◆ **WHAT THE TASK REQUIRES**
Using the records below, transcribe word for word the stretch from the line that contains "Dnia 10 maja" through the line that contains "จาก Walk in", both end lines included, and nothing else.

Segment Start: MATERIAL TO PROCESS

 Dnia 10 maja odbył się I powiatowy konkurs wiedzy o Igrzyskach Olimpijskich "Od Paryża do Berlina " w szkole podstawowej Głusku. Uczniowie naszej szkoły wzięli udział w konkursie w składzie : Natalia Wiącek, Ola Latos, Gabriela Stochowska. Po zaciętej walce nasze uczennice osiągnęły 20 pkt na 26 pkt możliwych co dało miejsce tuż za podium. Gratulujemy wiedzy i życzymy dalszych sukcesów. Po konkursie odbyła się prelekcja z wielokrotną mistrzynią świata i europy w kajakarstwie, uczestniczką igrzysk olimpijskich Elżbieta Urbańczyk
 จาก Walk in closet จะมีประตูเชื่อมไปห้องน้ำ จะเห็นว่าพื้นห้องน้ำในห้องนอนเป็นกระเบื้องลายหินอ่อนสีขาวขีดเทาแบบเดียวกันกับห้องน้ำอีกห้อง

Segment End: MATERIAL TO PROCESS
Segment Start: MATERIAL TO PROCESS

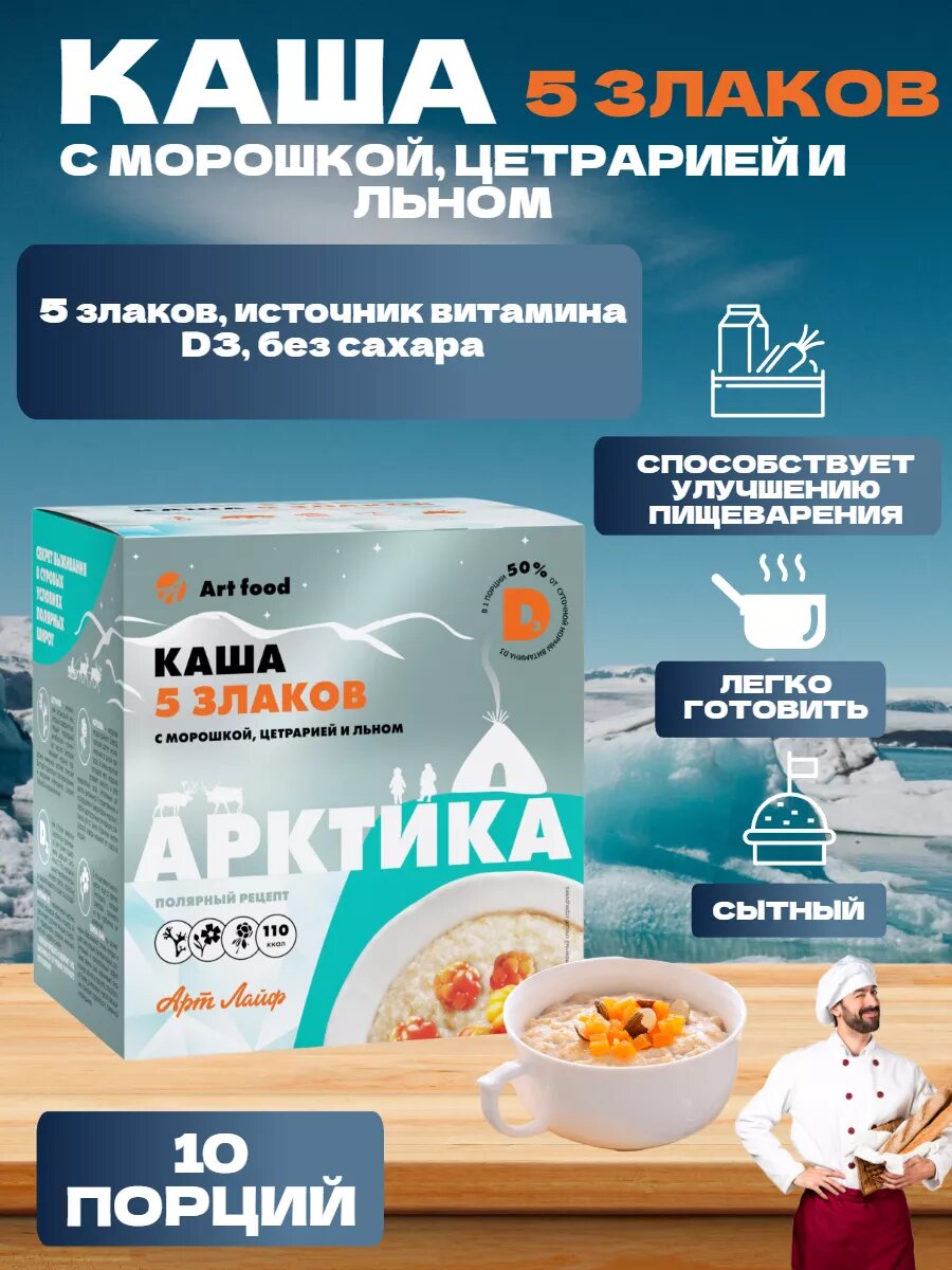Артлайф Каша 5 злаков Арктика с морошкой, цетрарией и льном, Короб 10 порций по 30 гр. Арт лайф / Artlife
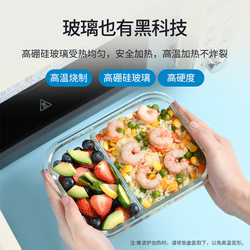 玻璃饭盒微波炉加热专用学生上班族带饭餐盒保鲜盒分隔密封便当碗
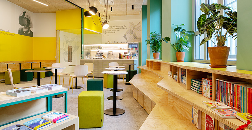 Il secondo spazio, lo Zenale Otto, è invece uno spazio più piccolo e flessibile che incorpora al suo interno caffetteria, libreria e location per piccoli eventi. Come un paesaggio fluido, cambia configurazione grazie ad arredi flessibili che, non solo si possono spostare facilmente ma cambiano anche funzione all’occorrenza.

Segment End: MATERIAL TO PROCESS

◆ **SOLUTION**
 Dnia 10 maja odbył się I powiatowy konkurs wiedzy o Igrzyskach Olimpijskich "Od Paryża do Berlina " w szkole podstawowej Głusku. Uczniowie naszej szkoły wzięli udział w konkursie w składzie : Natalia Wiącek, Ola Latos, Gabriela Stochowska. Po zaciętej walce nasze uczennice osiągnęły 20 pkt na 26 pkt możliwych co dało miejsce tuż za podium. Gratulujemy wiedzy i życzymy dalszych sukcesów. Po konkursie odbyła się prelekcja z wielokrotną mistrzynią świata i europy w kajakarstwie, uczestniczką igrzysk olimpijskich Elżbieta Urbańczyk
 จาก Walk in closet จะมีประตูเชื่อมไปห้องน้ำ จะเห็นว่าพื้นห้องน้ำในห้องนอนเป็นกระเบื้องลายหินอ่อนสีขาวขีดเทาแบบเดียวกันกับห้องน้ำอีกห้อง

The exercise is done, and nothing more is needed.